Lastly, don’t be too clever in this part of the landing page. You need to grab the visitor’s attention quickly and you can’t assume they are motivated to put a lot of cognitive effort into understanding your page. This isn’t the place for tricky puns or subtle attempts at thought leadership. Keep it simple and direct.
Getting this above-the-fold section right is HARD. You have limited screen real estate and so many things that you want to say to your visitor! But you must make those prioritisation choices if you want to maximize the performance of your landing page. If you’re doing this part of the design process right, those trade-off choices should feel agonising and brutal.
The top section on mobile
The same principles about the above-the-fold “payload” apply on a mobile device. And that makes the layout trade-offs even more painful because, obvs, a mobile’s screen is a lot smaller than a computer’s. But you have a little more leeway about the “fold”. It’s more natural to scroll down on a phone than on a computer. (And it’s HARDER for a person on a phone to hit the “back button”.) So a person browsing your landing page on a phone screen might scroll through, say, two or three screenfuls before they reach a decision about your page.

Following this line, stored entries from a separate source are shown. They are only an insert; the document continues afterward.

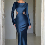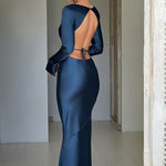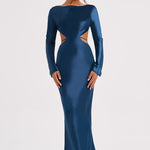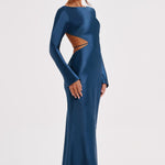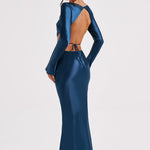 Todos os olhares em você com o Rafi, nosso vestido sirene que vai chamar a atenção nesta temporada de festas. Com um clássico decote alto e mangas longas, este deslumbrante vestido tem um super decote nas costas e detalhe de amarração. Feito em nosso cetim cortado em viés, o Rafi se ajusta lindamente à figura para um acabamento elegante. Use-o com cabelo liso e maquiagem radiante.
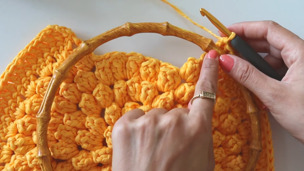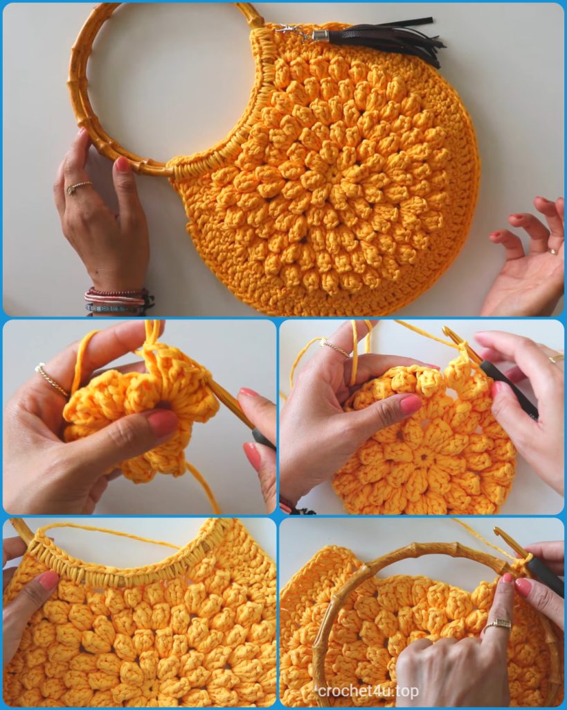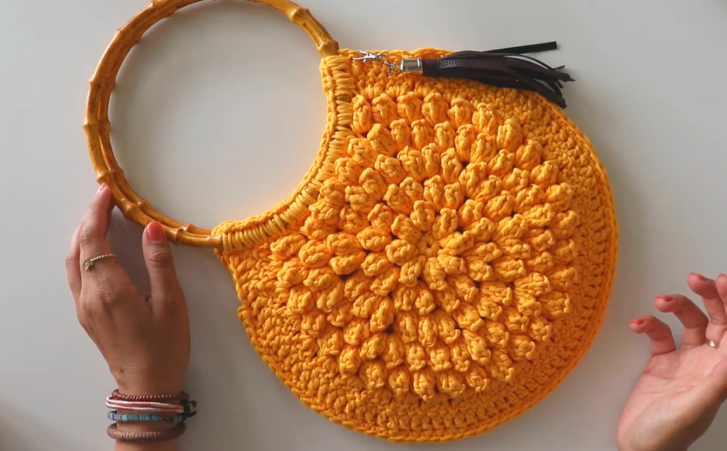 - Wet Blocking: Although the puff stitches create texture, a light block can help flatten the final shape and define the circle. Lightly spray the completed bag with water or a fabric stiffener, and let it dry flat. Do not wet block the bamboo handle.
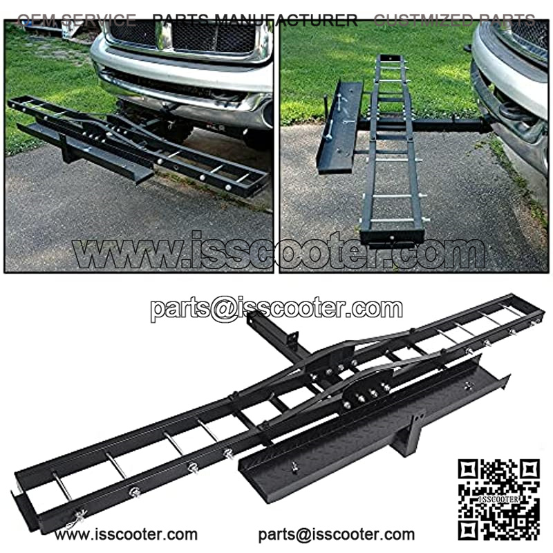 Please Note: Trailer hitch pin not included Specification 500 lbs capacity; Main hitch tube: 18″(L); Loading ramp: 38.5″(L) x 4.75″(W); Carrier overall dimensions: 76″(L) x 7″(W)
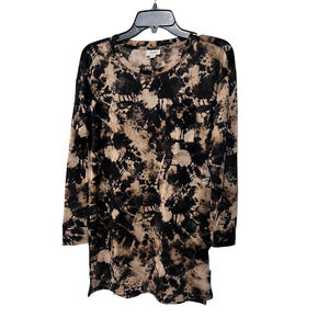 JENNI WOMENS XLARGE LONG SLEEVE SUPER SOFT FALL/WINTER SLEEP SHIRT TIEDYE PRINT BLACK TAN

So instead of “these things MUST be above the page fold”, on mobile we can change that to “these things should IDEALLY be above the page fold, but if not, they MUST be present in the first two or three screens”.
In any case, remember that your landing page is going to look very different to a visitor on a mobile device than to someone on a computer. But that mobile user is just as likely to become a good lead. (For most of our client campaigns we find around 50% of our leads come from mobile visitors.) So pay attention to the mobile experience.
User testing for a landing page
Once you’ve made all those agonizing decisions about what to put above the fold and what to push down the page, wouldn’t it be good to have some way to test whether you have them right?
A word to the wise: the above-the-fold section of a landing page design makes a great subject for a 5 second user test. Enough said.
Guideline 3: obsess about the call to action

All of your good work so far will come to nothing unless you have a good call to action and your landing page design works well in support of that CTA.
You should obsess about this aspect of your landing page and do everything you can to optimise it. A 10% improvement in the effectiveness of your CTA means 10% more leads. Simple as.